Many of the following stars and close-up magicians have appeared at the Jubilee:
- 1957: Bud Dietrich, Joe Scott, Paul LePaul, Gene DeVoe, john Fabjance, Ernie Heldman, Jay Marshall, Senator Crandall, and Brother John Hammon.
- 1960: Gene Devoe, Don Lawton, John Fabjance, and Bev Taylor.
- 1970: Bud Dietrich, Jim Ryan, Roy Mayer, Jay Marshall, John shirley Derek Dingle, Harry Monti, and Harold Russell.
- 1974: Walter Zaney Blaney, Roger Klause, Mike Rogers, and Dai Vernon.
- 1975: Ab Dickson, Johnny Brown, and Father Paul Zipfel.
- 1977: J. B. Bobo, Ken Klosterman, Jim Ryan, Gene Anderson, O'Dowd & Sandra, Brother John Hamman Mike Caveny, and John Cornelius.
- 1978: Dai Vernon, Andre Kole, Joe Cossari, Phil Goldstein (Max Maven), Dan Garrett, Mike Brazill, Jack Chanin, Paul Gertner, Marcom, Joe Palen, and Don James.
- 1979: John Mendoza, David Hoy, J B Bobo, Tom Ogden, David Ginn Larry West El Doveno, Van Cleve, and Slydini.
- 1981: Jay Marshall, Lance Burton, Mac King, Ab Dickson, Sjhintaro Fujiyama, the Great Tomsoni, John Mendoza, and Karrell Fox.
- 1982: Jay Scott Berry, Terry Seabrooke, George Schindler, Jonathon Neal Brown, Mark Kornhauser, Trevor lewis, and Derek Dingle.
- 1983: Mike O'Dowd, Ali Bongo, Glenn Falkenstein, Randi, Marvyn Roy, and Del Ray.
- 1984: Harry Blackstone jr. Mike Ammar, Mark Kornhauser, David Ginn, Roger Miller, Al Goshman, and Howie Schwarzman.
- 1985: Hans Morretti, Jeff McBride, Tom Mullica, Mike Rogers, Marcos, Bob Little, Don Lawton, David Roth, Petrick & Mia, Dave Cresey, and Richard Kaufman.
- 1986: Goldfinger and Dove, Jeff Hobson, and Howard Hale.
- 1987: Dai Vernon, Jay Marshall, Fukai & Kimika, Larry Becker, Kohl & co.
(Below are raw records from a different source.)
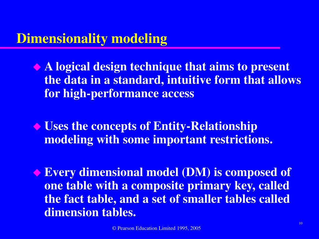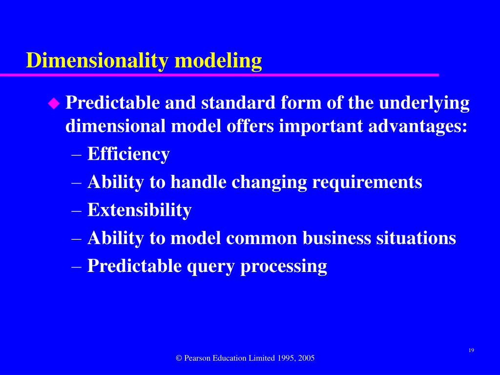 Dimensionality modeling • Predictable and standard form of the underlying dimensional model offers important advantages: • Efficiency • Ability to handle changing requirements • Extensibility • Ability to model common business situations • Predictable query processing © Pearson Education Limited 1995, 2005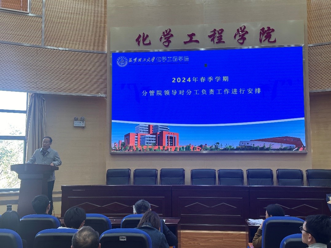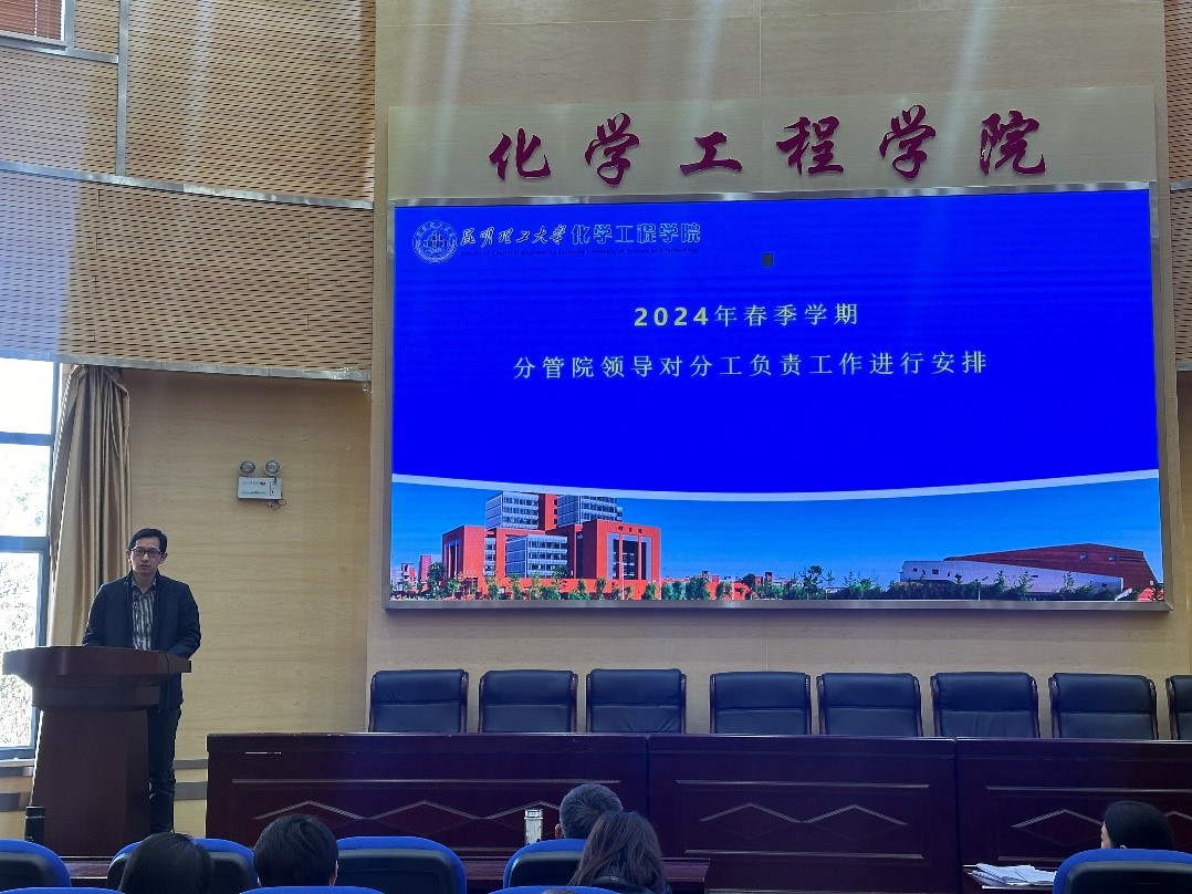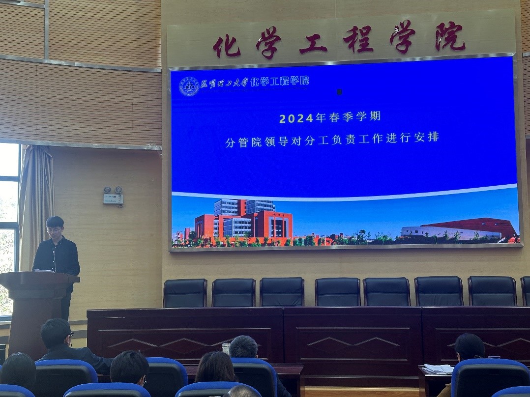 在化工楼100报告厅召开2024年春季学期全院大会,学习唐家华书记、王华校长在2024年春季开学中层干部会议上的讲话,研究部署新学期重点工作。本次会议由党委书记李云燕主持,化工学院班子成员和全体教职工参会。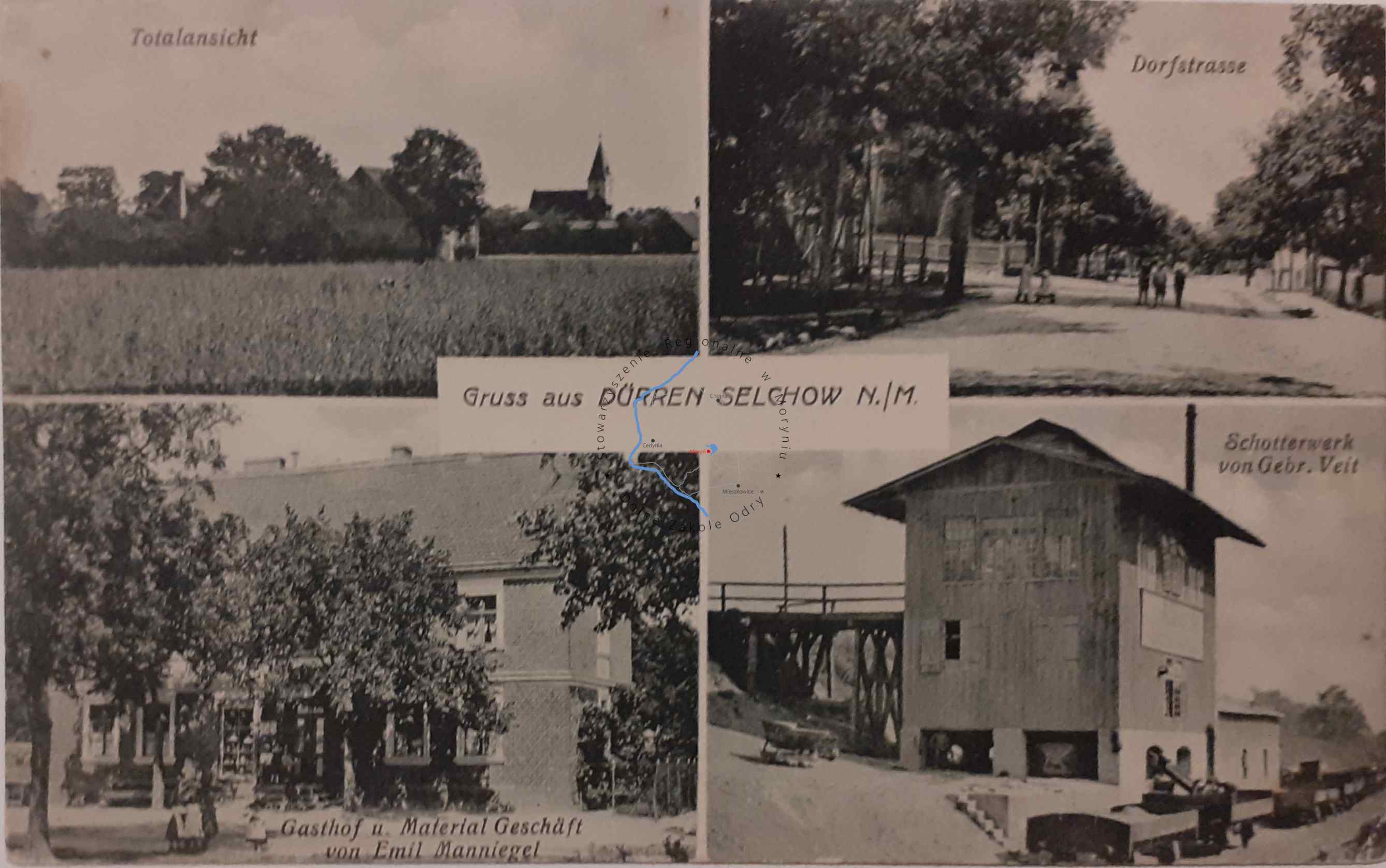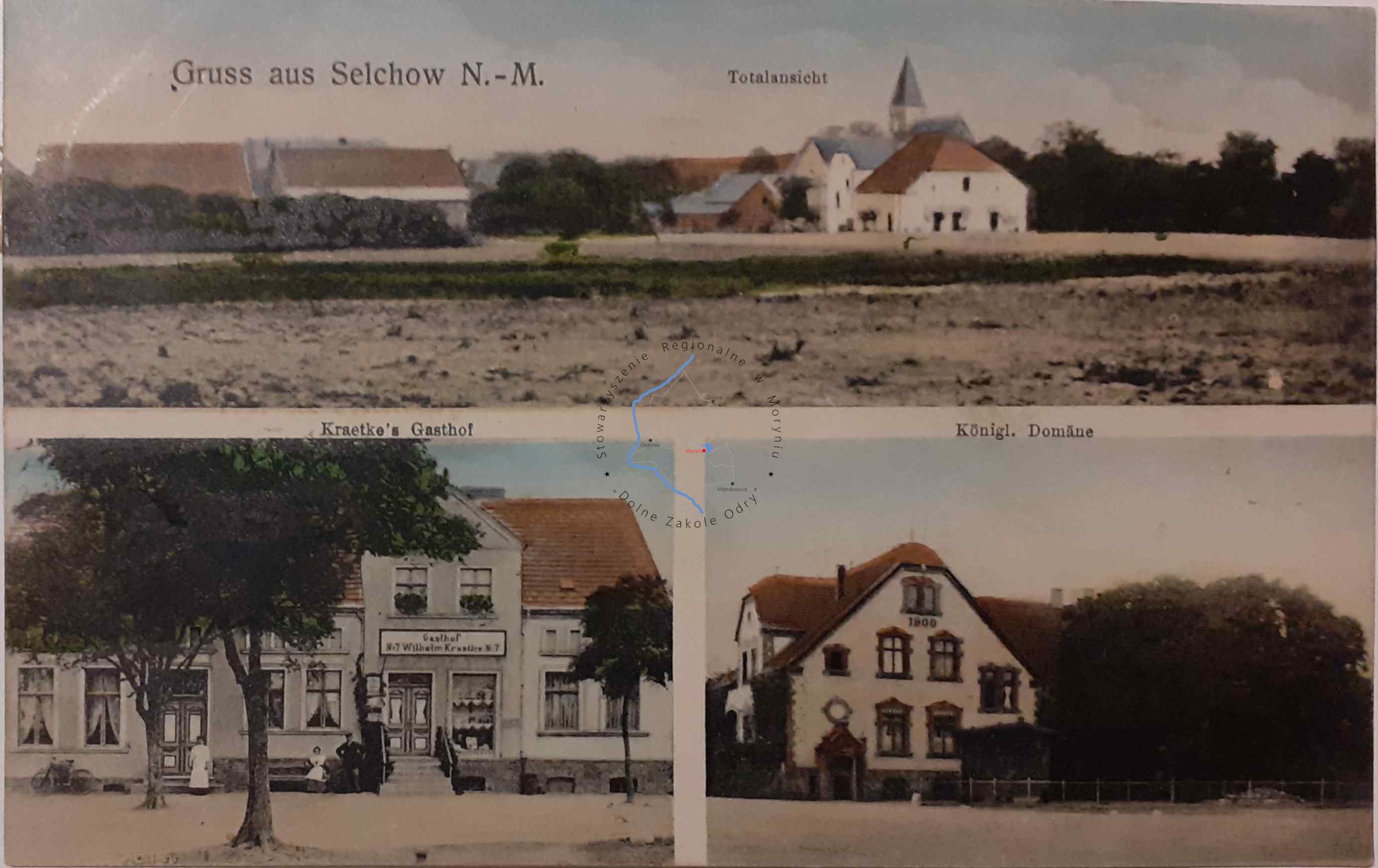 Pocztówka z obiegu, poczta Cedynia 24. 8. 1917Wydawca: E. Rammin Photogr. Zehden a/O. ( Cedynia )ŻELICHÓW Pocztówka wielowidokowa, - Wido...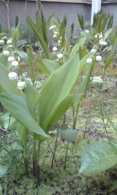 スズランも咲き始めました。奥に見えているのは、まだ硬い蕾のシラン。

Chris Kenner, Michael Ammar, Hiawatha Johnson, Hiawatha Johnson, John Carney, Stan Allen, Don Lawton, Tom Mullica, and Mike Caveney.
- 1989: Jay Marshall, Karari, Brother John Hammon, Tina Lennert, Dana Daniels, Stan Allen, Rocco, Frank Garcia, Meir Yedid, Korari, and Dai Vernon.
- 1991: Don Alan, Jade, Mac King, Michael Weber, Tony Chapek, Jade, Terry Seabrook, Robert Dorian, Chuck Fayne, Joaquin Ayala, and Mark Wilson.
- 1993: Hank Mororehouse, David Roth, Colombini, Jay Scott Berry, John Cornelius, Columbini, Dick Ryan, Jon Racherbaumer, and Terry Evanswood.
- 1995: Satoru Furakawa, David Williamson, Martin Lewis, Justin Willman, and Billy McComb.
- 1997: Kevin James, Pat Page & Alan Shaxon, Jon Racherbaumer, Nick Lewin, Chris Korn, Scotty York, Tom Mullica, and Eddie Fields.
- 1999: John Calvert, Justin willman, Jade, topas, Vito Lupo, Aye Jaye, Bob Little, peter White, and Hank Moorehouse.
- 2002: Dana Daniels, Danny Cole, John Mendoza, Kevin James, Rachel Wild, Diamond Jim Tyler, and Gaeten Bloom.
- 2003: Lee Asher, Tony Miller, Mike Powers, David Sandy, Tom Jones & Rachel wild, Pete Marucci, Max Maven, and Chris KornSimon Lovell.
- 2006: Whit Haydn, Mike Powers, Jason Dean, Jay Sankey, Howie Schwarzman, Julie Sobanski, Tony Miller, and Oscar Munoz.
- 2007: Jason Dean, Michael Finney, Tom Burgoon & David Evangelista, Sterling Steal, Howie Schwarzman, Julie Sobanski, David Solomon, Bill & Ruth Pitts, Sonny Fontana, Mark Mason, and Todd Lamanske.
- 2010: John Calvert
- 2011: Eugene Berger, Paul Gertner, Shawn Farquhar, Simon Lovell, Eric Buss, Andrew Goldenhersh, Richard Turner, Authur Stead, Scott Wells, and Dan Harlan.
- 2012: Losander, Chris Capehart, Chris Randall, Dan Garrett, and Eli.

==Notable jubilee events==
John Calvert celebrated his 99th birthday at the Jubilee in 2010.

The 50th anniversary Jubilee event took place in August 2006.